In 2007, Andrews and Paule introduced the family of functions ${\mathrm{\Delta }}_k(n)$ which enumerate the number of broken k-diamond partitions for a fixed positive integer k. Since then, numerous mathematicians have considered partitions congruences satisfied by ${\mathrm{\Delta }}_k(n)$ for small values of k. In this work, we provide an extensive analysis of the parity of the function ${\mathrm{\Delta }}_3(n)$, including a number of Ramanujan-like congruences modulo 2. This will be accomplished by completely characterizing the values of ${\mathrm{\Delta }}_3(8n+r)$ modulo 2 for $r\in \{1,2,3,4,5,7\}$ and any value of $n⩾0$. In contrast, we conjecture that, for any integers $0⩽B<A$, ${\mathrm{\Delta }}_3(8(An+B))$ and ${\mathrm{\Delta }}_3(8(An+B)+6)$ is infinitely often even and infinitely often odd. In this sense, we generalize Subbaraoʼs Conjecture for this function ${\mathrm{\Delta }}_3$. To the best of our knowledge, this is the first generalization of Subbaraoʼs Conjecture in the literature.

1. Introduction

Broken k-diamond partitions were introduced in 2007 by Andrews and Paule [2]. These are constructed in such a way that the generating functions of their counting sequences ${({\mathrm{\Delta }}_k(n))}_{n⩾0}$ are closely related to modular forms. Namely,

$$\sum _{n=0}^{\infty }{\mathrm{\Delta }}_k(n)q^n=\prod _{n=1}^{\infty }\frac{(1-q^{2n})(1-q^{(2k+1)n})}{{(1-q^n)}^3(1-q^{(4k+2)n})}=q^{(k+1)/12}\frac{\eta (2\tau )\eta ((2k+1)\tau )}{\eta {(\tau )}^3\eta ((4k+2)\tau )},k⩾1,$$

where we recall the Dedekind eta function

$$\eta (\tau ):=q^{\frac{1}{24}}\prod _{n=1}^{\infty }(1-q^n)(q=e^{2\pi i\tau }).$$

In their original work, Andrews and Paule proved that, for all $n⩾0$,

$${\mathrm{\Delta }}_1(2n+1)\equiv 0(\mathrm{mod}3).$$ (1.1)

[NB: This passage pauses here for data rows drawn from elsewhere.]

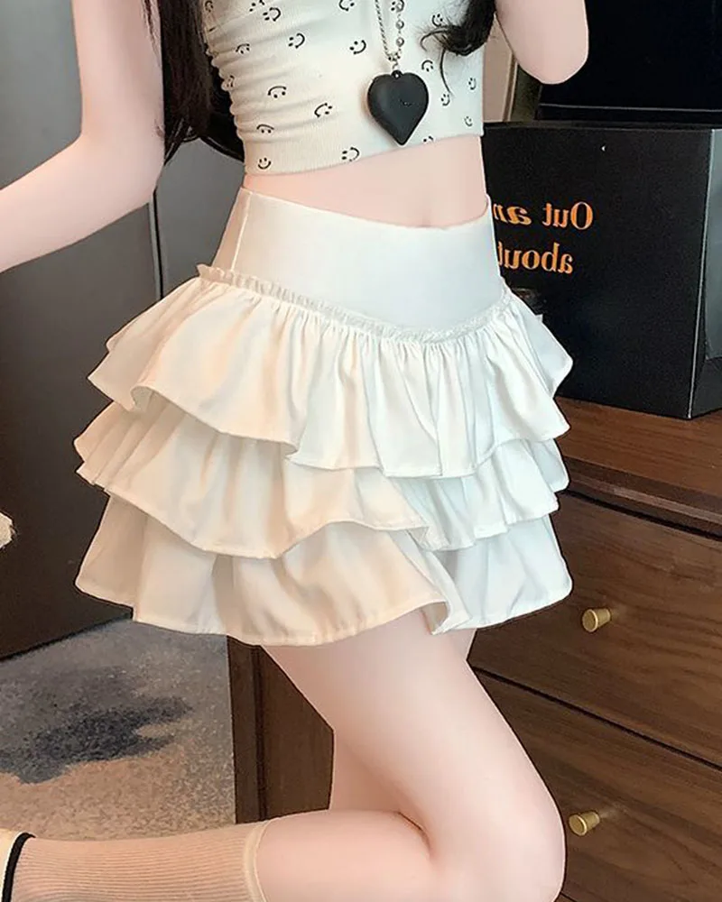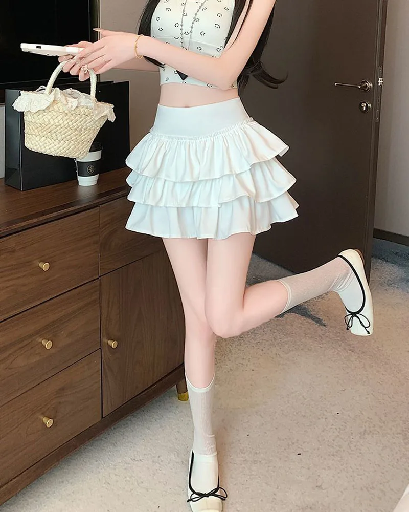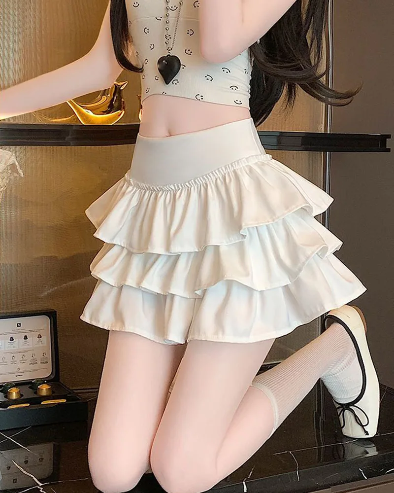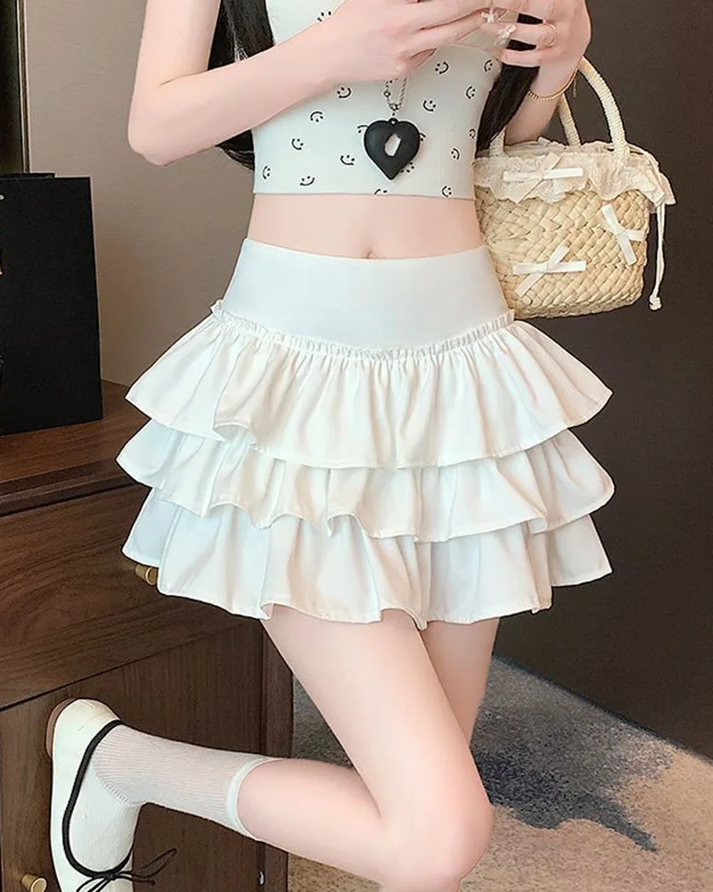 Korean Puffy Ruffles Cake Women Mini Skirt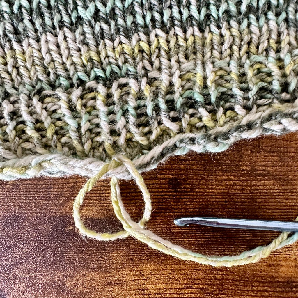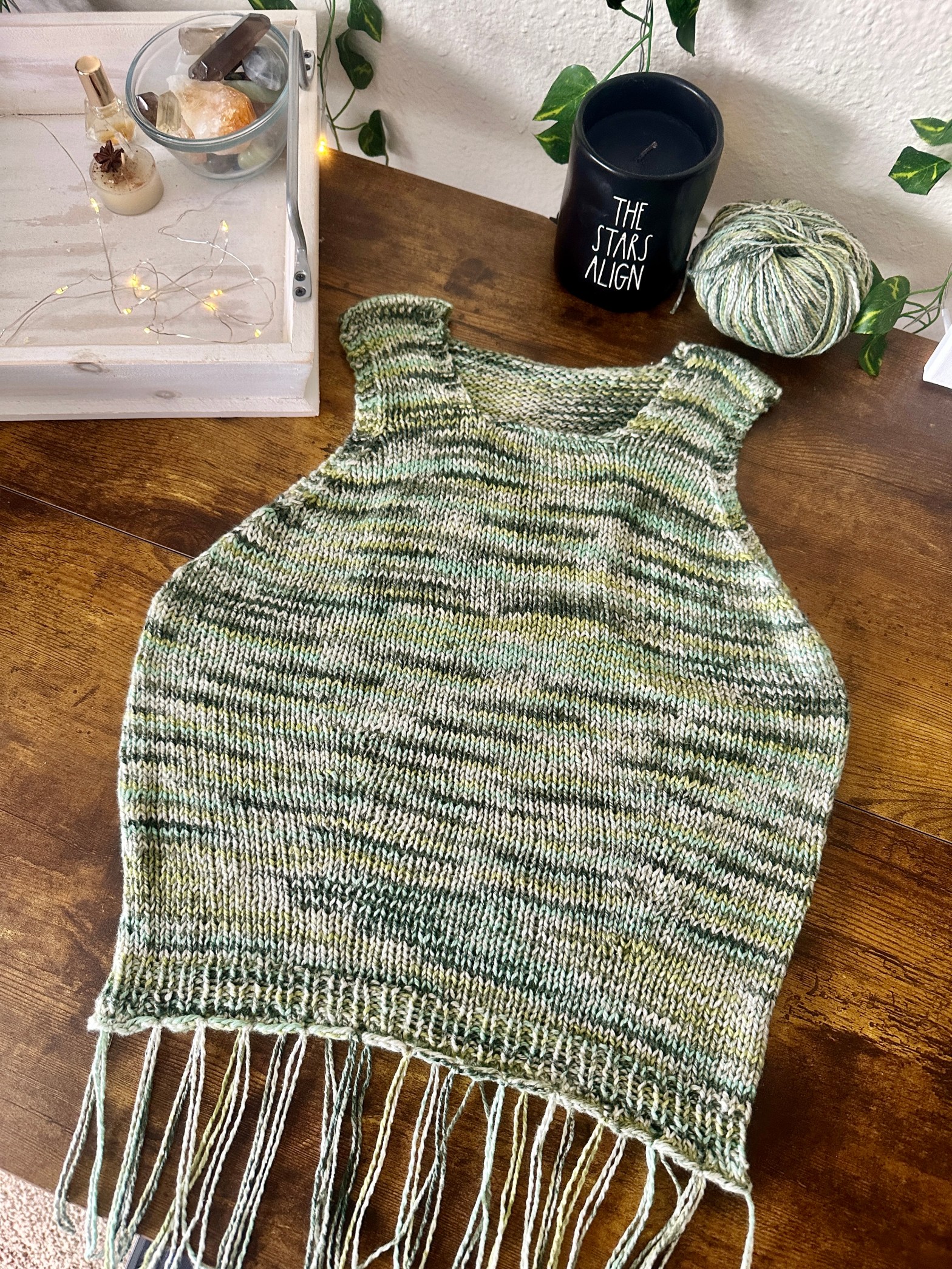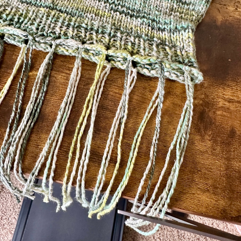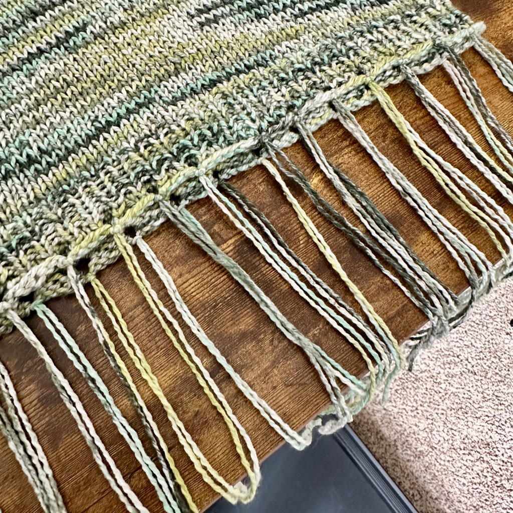 4. Once all the fringe is attached, lay the garment flat on a table and let the fringe hang off the edge of the table, ensuring that the table edge is straight and parallel to the bottom of the garment.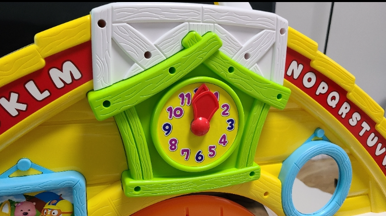 다만ㅋㅋ 처음에 공이랑 시계, 설명서, 나사 등이 들어있는 작은 박스가 따로 있는지 모르고 구성품이 부족하다며.... 불량이 왔다고 짜증 냈었는데 알고보니 박스 밑 바닥에 따로 있더라고요 제품 박스 밑에 작은 박스가 따로 있으니 꼭! 확인해보세요. 힘겹게 완성하고 나서 조카한테 보여주니까 적응할 시간도 없이 바로 진짜 너무!! 행복해하면서 혼자 앉아서 한참을 놀고 있네요.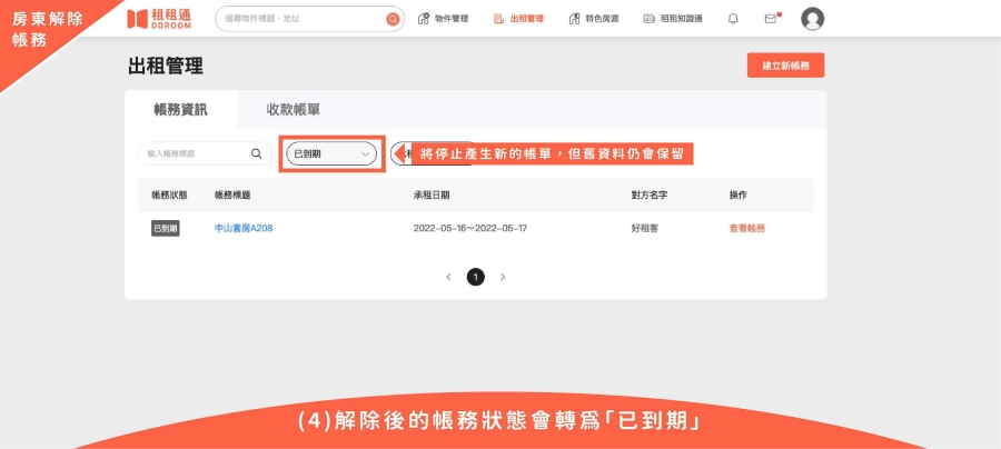 如果因為中途解約而需要停止使用帳務管理功能,請到欲解除管理的帳務資訊點擊「解除帳務」,該筆帳務會移動至「已到期」的狀態,並停止產生新的帳單,舊有的帳單資料仍會保留。如有需要,您可以再點擊「刪除帳務」將該帳務所有資料刪除。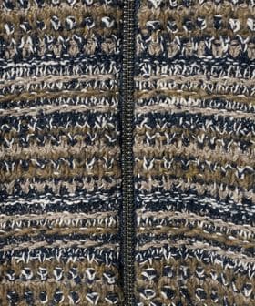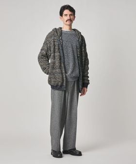 ウールをベースに異なる素材を用いて、奥行きのある表情を表現しています。
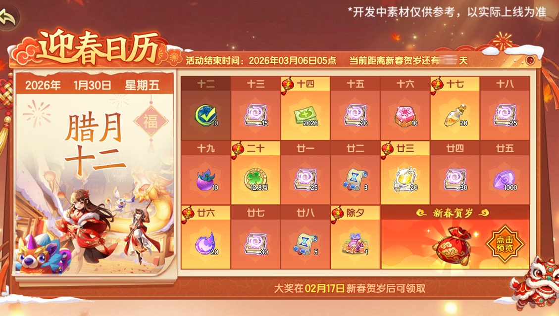 活动时间:2026年1月30日更新后~3月6日5点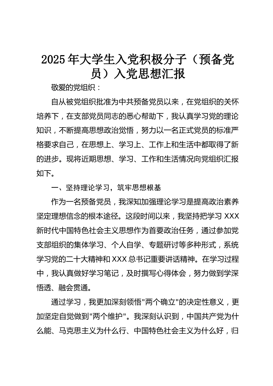 2025年大學(xué)生入黨積極分子(預(yù)備黨員)入黨思想?yún)R報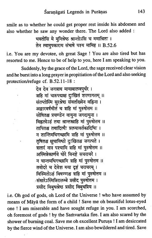 Whereas it is only four or five of the Saranagati -Legends which have become popular, such as that of Prahlada, Dhruva, Gajendramoksa, Kaliya and Kakasura, the present work provides an exhausted list of the legends collected from the Major Puranas. Altogether there are thirty three legends (Vaisnava - 24; Saiva - 8 and Saba - 1) of Saranagati- import presented in this. work. While dealing with every legend attempt has been made to exhaustively quote the original verses of Saranagati-import which would help the reader arrive at his own assessment of the material. The verses thus quoted are either preceded or immediately followed with an English translation.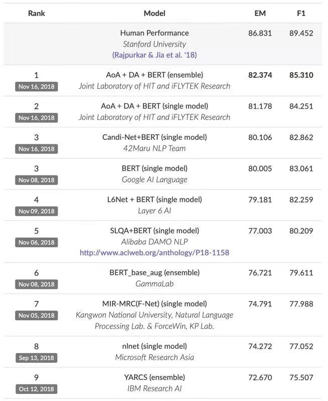 機器自然語言理解挑戰(zhàn)賽(SQuAD)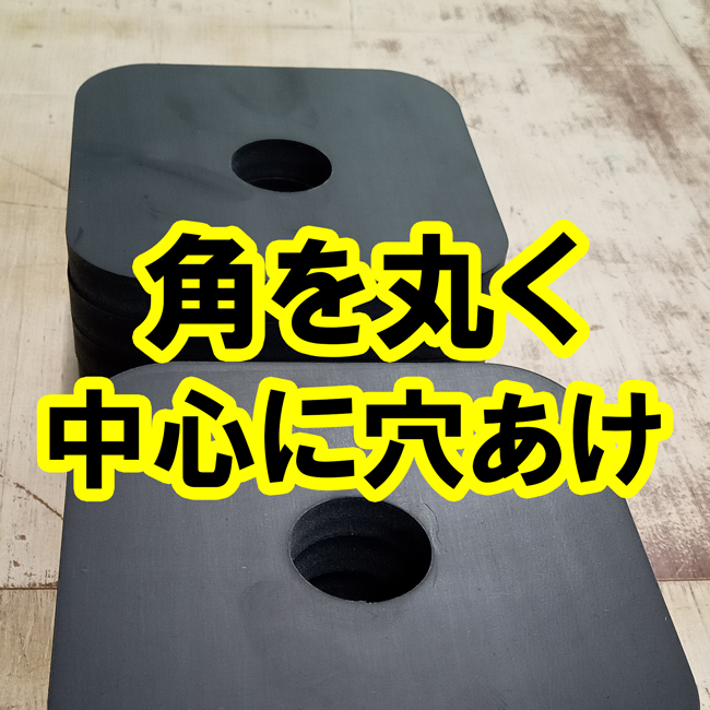ゴムシートの角を丸く(R加工)して、中心に穴あけもできます。ゴムの部材をぴったりとはめ合わせるために、角を丸くして指定位置に穴をあけるご依頼をたくさんいただきます。部材によって寸法は様々ですが、10mm以内で特別に大きなものでない限りは短納期で製作可能です。1枚から承ります。例えば、10サイズ各1枚のご注文でも可能です。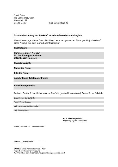 Www Gera De Fm 193 Schriftlicher antrag auf auskunft aus dem gewerbezentralregister E2 80 93 juristische person Pdf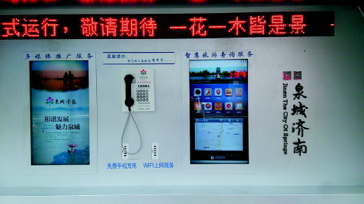 此外,亭内设有两块显示屏。其中一块提供多媒体推广服务,另一块是可以触摸使用的智慧旅游查询服务系统。在这个系统首页,包括济南概况、旅行社、旅游资讯等十个不同选项。轻点几下,就能帮助市民游客轻松查阅公交换乘、景区景点、酒店住宿、购物美食等信息。通过拨打亭内设置的旅游服务热线电话12301则可以进行旅游问讯、旅游投诉,享受旅游救援和提示等服务。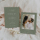 HARMONIA | Sage Green. Salve o cartão com fotos de data. Recursos, tipografia bege claro, detalhes de ilustração de galeria botânica verde e foto de solteiro no verso.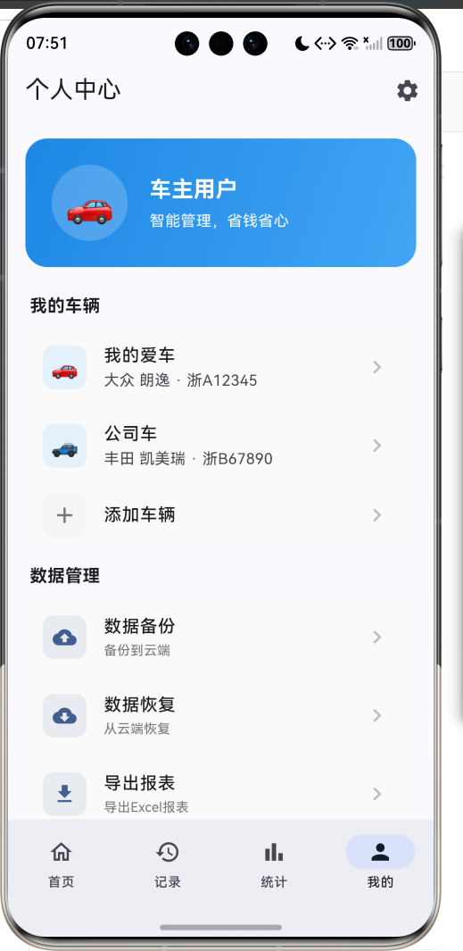 应用支持多车辆管理,可记录每次加油的里程、油量、金额、加油站等信息,自动计算百公里油耗,并通过图表直观展示油耗趋势和花费分布,帮助车主优化驾驶习惯,降低用车成本。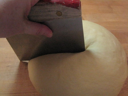 Now we're getting the hang of it, and you can see the braid beginning. Keep going down the whole bread, stopping just short of the bottom.

They also conjectured a few other congruences modulo 2 satisfied by certain families of broken k-diamond partitions.

Since then, a number of authors have provided proofs of additional congruences satisfied by broken k-diamond partitions. Hirschhorn and Sellers [5] provided a new proof of (1.1) above as well as elementary proofs of the following parity results: For all $n⩾0$,

$${\mathrm{\Delta }}_1(4n+2)\equiv 0(\mathrm{mod}2),$$

$${\mathrm{\Delta }}_1(4n+3)\equiv 0(\mathrm{mod}2),$$

$${\mathrm{\Delta }}_2(10n+2)\equiv 0(\mathrm{mod}2),\text{and}{\mathrm{\Delta }}_2(10n+6)\equiv 0(\mathrm{mod}2)$$

The third result in the list above appeared in [2] as a conjecture while the other three did not. Soon after the publication of [5], Chan [3] provided a different proof of the parity results for ${\mathrm{\Delta }}_2$ mentioned above as well as a number of congruences modulo powers of 5. Subsequently, Paule and Radu [7] also proved a number of congruences modulo 5 for broken 2-diamond partitions, and they also shared conjectures related to broken 3-diamond partitions modulo 7 and broken 5-diamond partitions modulo 11. (Two of these conjectures have recently been proven by Xiong [12].)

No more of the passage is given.